Il palcoscenico diventa l’appartamento di Lui e Lei, le quinte le pareti, i fuori scena sono le stanze che non vediamo, il graticcio è un soppalco nel quale stanno nascosti gli effetti personali. 
Ognuno di questi luoghi è disseminato di trappole e di percorsi cifrati, come se si fosse dentro un gioco di ruolo, che si rivela poi reale.
Lui e lei sono avatar e con le loro cuffie e i loro meccanismi ripetitivi credono, come spesso accade nei rapporti di lunga data, di vedere nitidamente cose che chi li guarda non vede affatto. 
Mettono in difficoltà l’altro con stratagemmi sciocchi, come spegnere la luce, cambiare di posto i mobili, confondere le informazioni. Mentono e rivelano, per ingannare angoscia e tempo. 

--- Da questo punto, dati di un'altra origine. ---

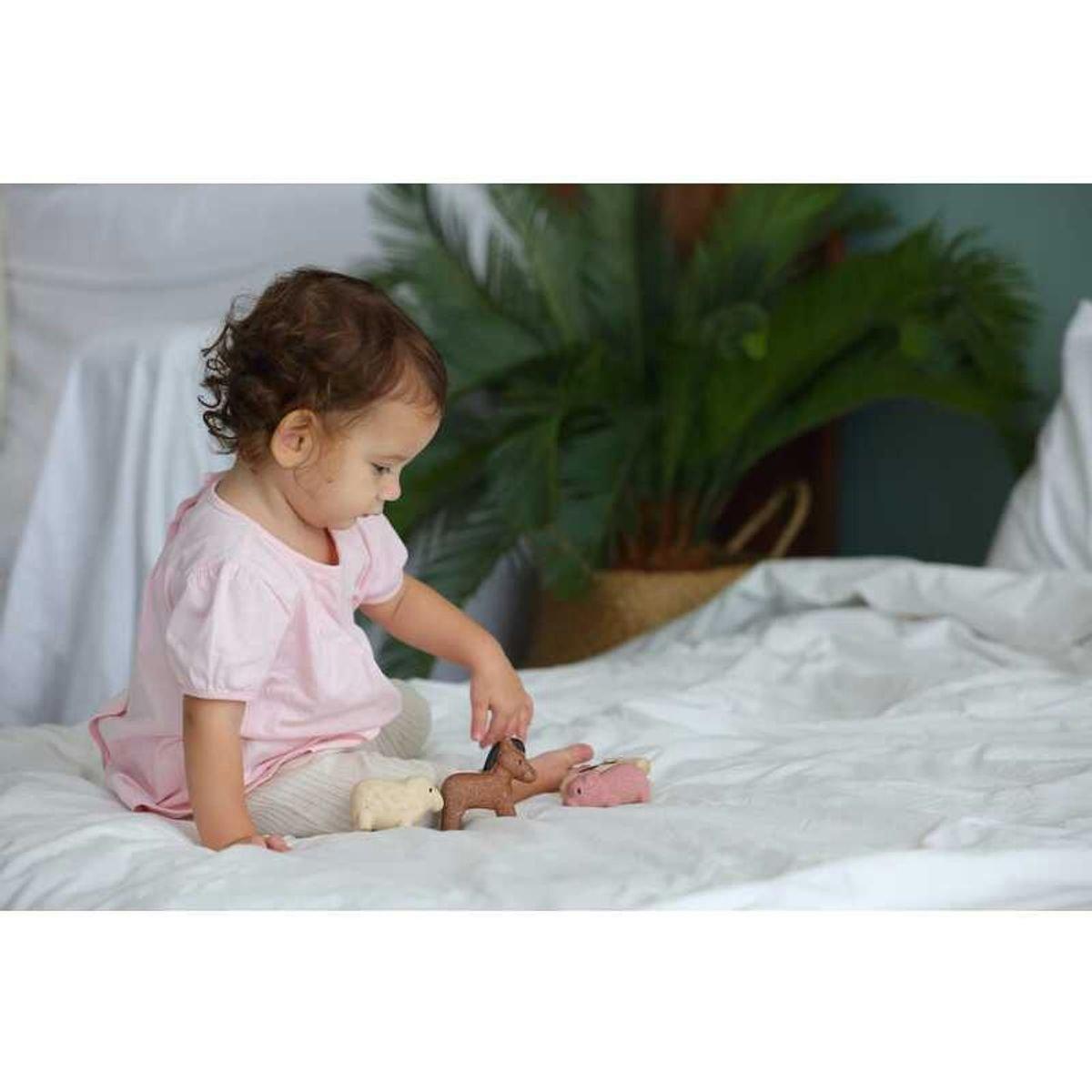 Create a countryside scene at home with these cute wooden animals! This set comes with a pig, sheep, cow and horse.

Provano la reciproca resistenza, per vedere se possono davvero fidarsi della permanenza dell’altro finché morte non li separi. Si dice che i dialoghi tra innamorati annoino, mentre – dalle comiche di Laurel e Hardy ai film di Woody Allen – i litigi di coppia fanno tanto ridere... proviamo a sentire e ricreare in teatro proprio questo, con gli strumenti e le immagini di un presente che ci vede sempre più soli con le macchine giocattolo che abbiamo ideato: la commovente, ridicola, insostituibile ricerca della vicinanza profonda con un altro essere umano, con il quale cerchiamo di condividere peso e gioia dell’essere al mondo.

Elena Bucci e Marco Sgrosso

Associazione Culturale LE BELLE BANDIERE
Via Faentina nord, 4/1 48026 Russi (RA) Tel. 393.9535376
All rights reserved mail: Questo indirizzo email è protetto dagli spambots. E' necessario abilitare JavaScript per vederlo.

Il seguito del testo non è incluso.